> Assignment:
Omit the pictures, then reproduce exactly the line bearing "Ullikkadai village has" and every line after it up to and including the last line of the entries below.

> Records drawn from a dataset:
+ + + +
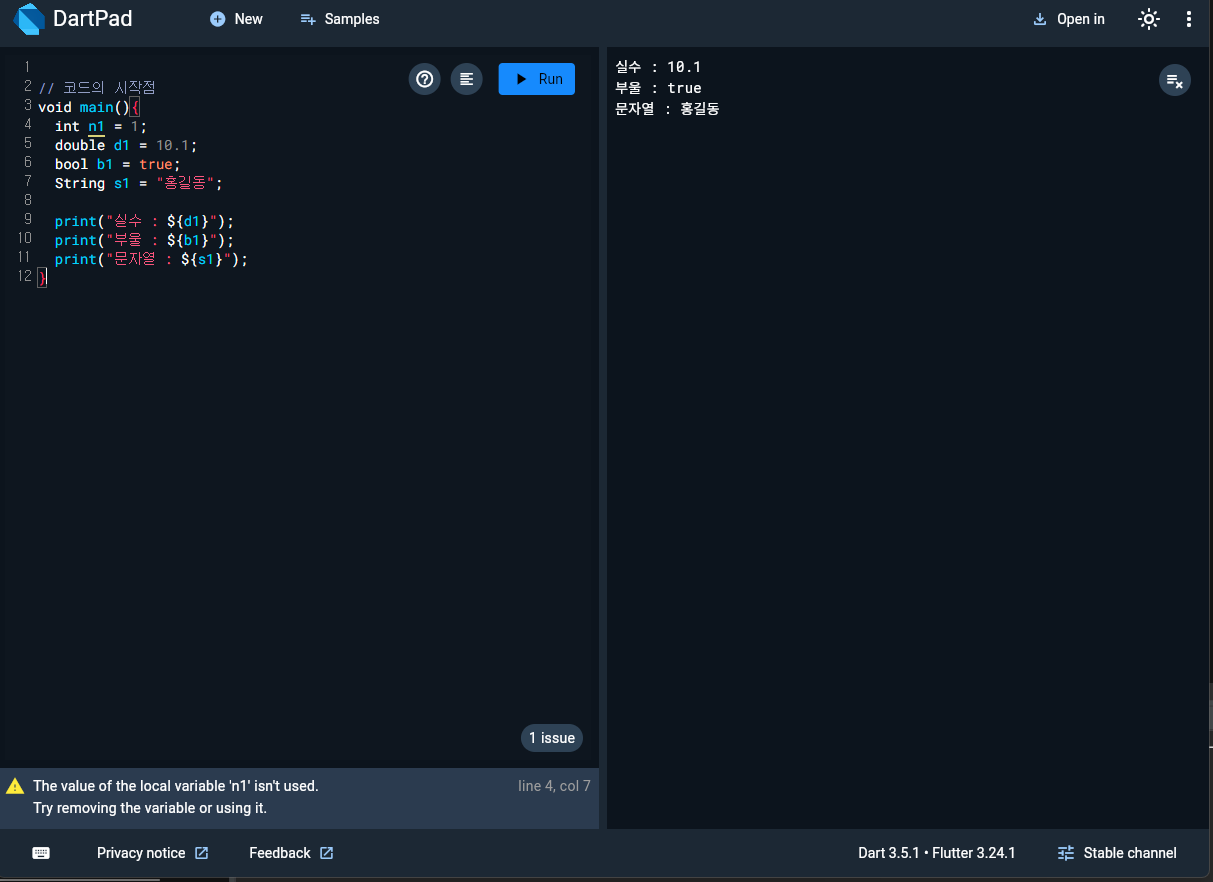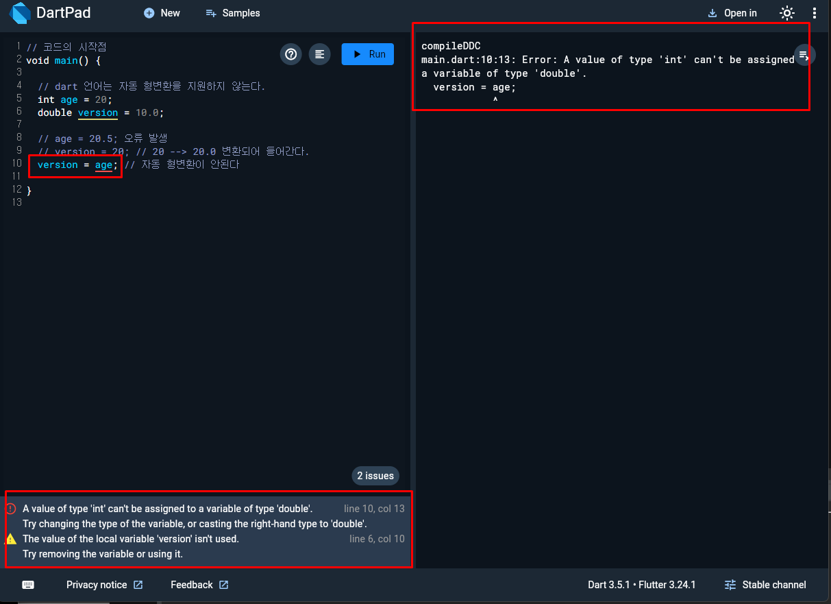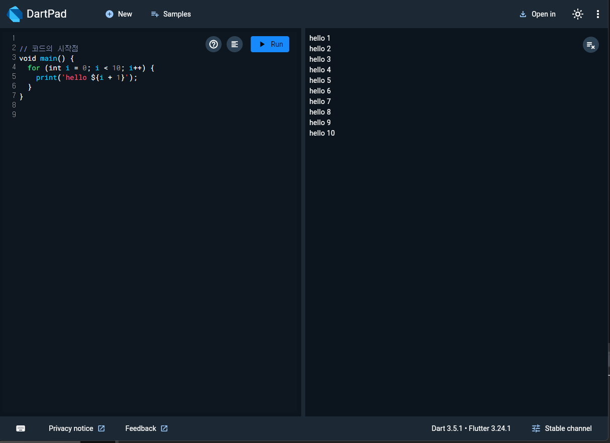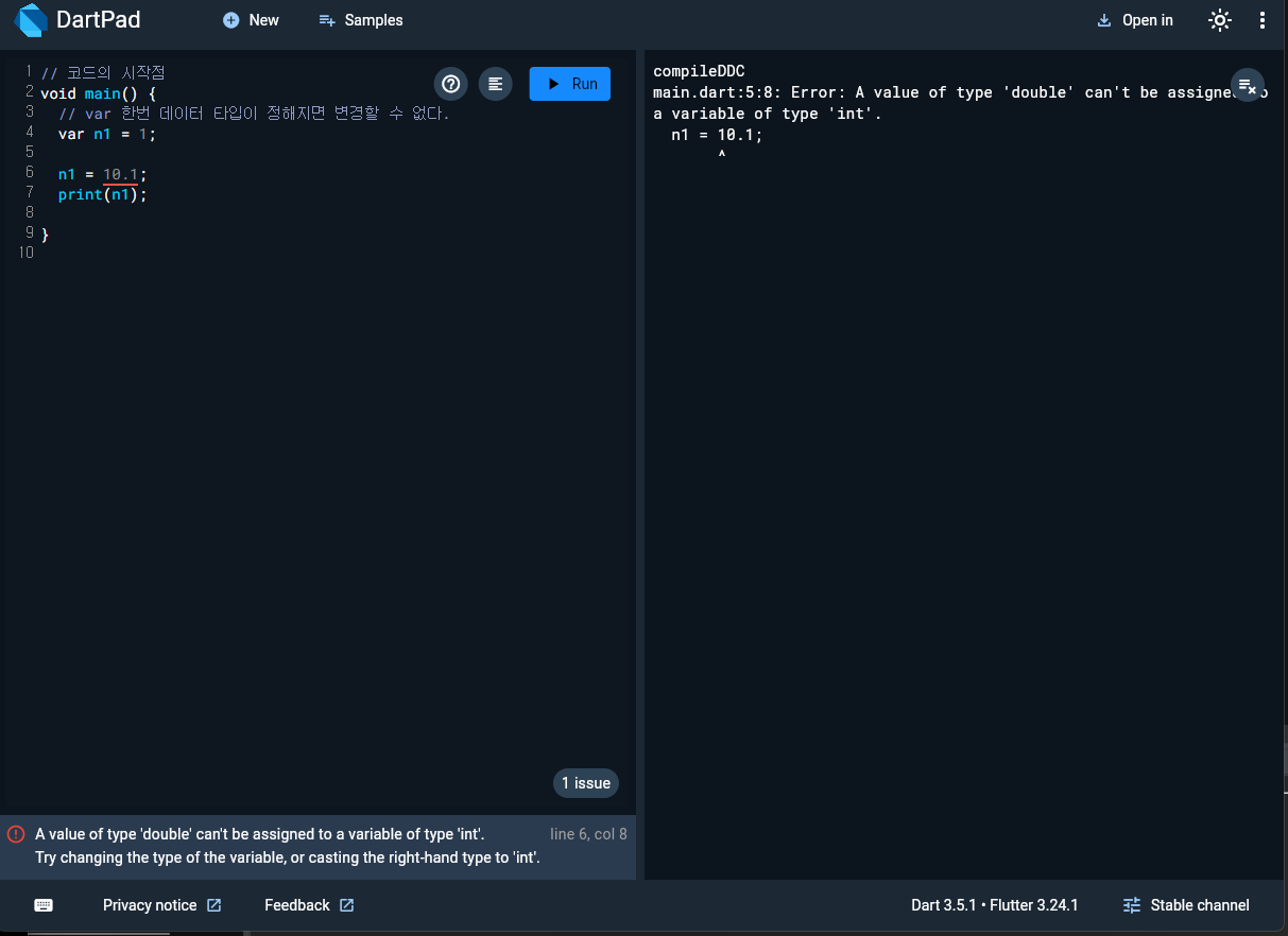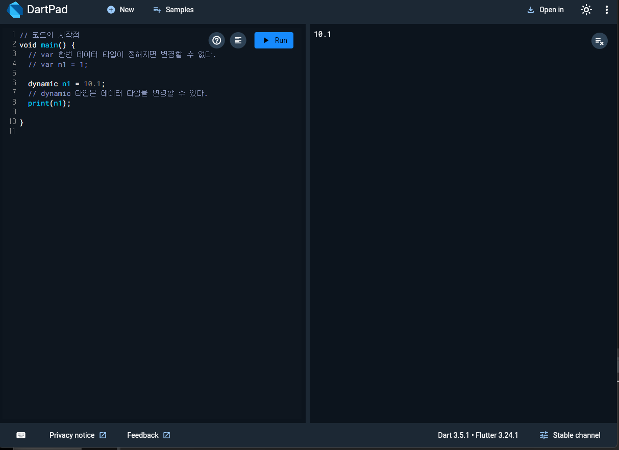 런타임에서 실행할 수 있는 중간언어로 변환후 다트위 가상머신을 통해서 중간언어를 실시간으로 번역
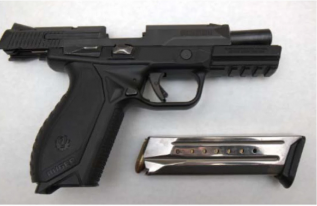 Esta pistola fue incautada durante el registro de un apartamento en el centro de Hamilton, tras un breve enfrentamiento que culminó con el arresto de un hombre y una mujer, ambos de 36 años, el miércoles 30 de abril de 2025. Foto: Handout / Policía de Hamilton.
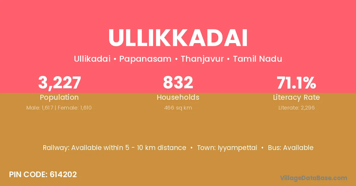 Ullikkadai village has a total population of 3,227 people, of which 1,617 are males and 1,610 are females.
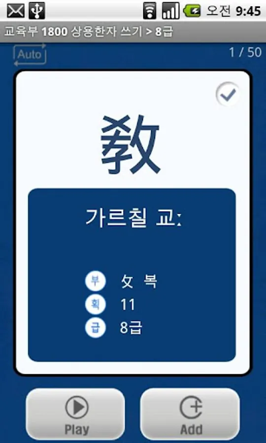 쓰기 기능 외에 외우기, 풀기 등의 기능을 탑재하여 총체적인 한자 학습이 가능하도록 구성하였습니다.
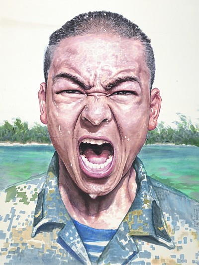 党的十八大以来,无论是新观念的表达还是新形式的探索,军事题材美术创作都坚持从不同的角度和层面探索“战争与和平”“人民与国家”“个人意志与家国情怀”等命题,把对艺术本体的探索成功地融入主题性美术创作中。李翔的《南海·南海》把传统笔墨技法与西方造型方式相结合,通过人物面部表情的丰富刻画,突出浓烈的时代特质;孙浩的《逐梦海天的强军先锋——张超》,整体画面因直线条的大量应用而显得十分硬朗,红色的天空营造出霞光满天的视觉效果;骆根兴的《东风第一枝——火箭军某导弹旅》在画面环境中安排了大面积的山石,突出核导弹的力量感;罗田喜的《三栖尖兵——刘珪》中,简洁的笔触定格了英雄训练生活中的精彩画面,体现出军人的英姿飒爽。此外,窦鸿的《雪中餐》、夏荷生的《凝固的军魂》、许向群的《起航》、陈林的《钢与火》、周长春的《和平使命·蓝色交响曲》、阮梅和韩博的《众志成城》等作品通过对铁血阳刚的军人形象的塑造,展现出钢铁之师的血性与担当,也展示出强军路上现代军人的人性品格。
+ + + +
> Solution for this problem:
 Ullikkadai village has a total population of 3,227 people, of which 1,617 are males and 1,610 are females.
 쓰기 기능 외에 외우기, 풀기 등의 기능을 탑재하여 총체적인 한자 학습이 가능하도록 구성하였습니다.
 党的十八大以来,无论是新观念的表达还是新形式的探索,军事题材美术创作都坚持从不同的角度和层面探索“战争与和平”“人民与国家”“个人意志与家国情怀”等命题,把对艺术本体的探索成功地融入主题性美术创作中。李翔的《南海·南海》把传统笔墨技法与西方造型方式相结合,通过人物面部表情的丰富刻画,突出浓烈的时代特质;孙浩的《逐梦海天的强军先锋——张超》,整体画面因直线条的大量应用而显得十分硬朗,红色的天空营造出霞光满天的视觉效果;骆根兴的《东风第一枝——火箭军某导弹旅》在画面环境中安排了大面积的山石,突出核导弹的力量感;罗田喜的《三栖尖兵——刘珪》中,简洁的笔触定格了英雄训练生活中的精彩画面,体现出军人的英姿飒爽。此外,窦鸿的《雪中餐》、夏荷生的《凝固的军魂》、许向群的《起航》、陈林的《钢与火》、周长春的《和平使命·蓝色交响曲》、阮梅和韩博的《众志成城》等作品通过对铁血阳刚的军人形象的塑造,展现出钢铁之师的血性与担当,也展示出强军路上现代军人的人性品格。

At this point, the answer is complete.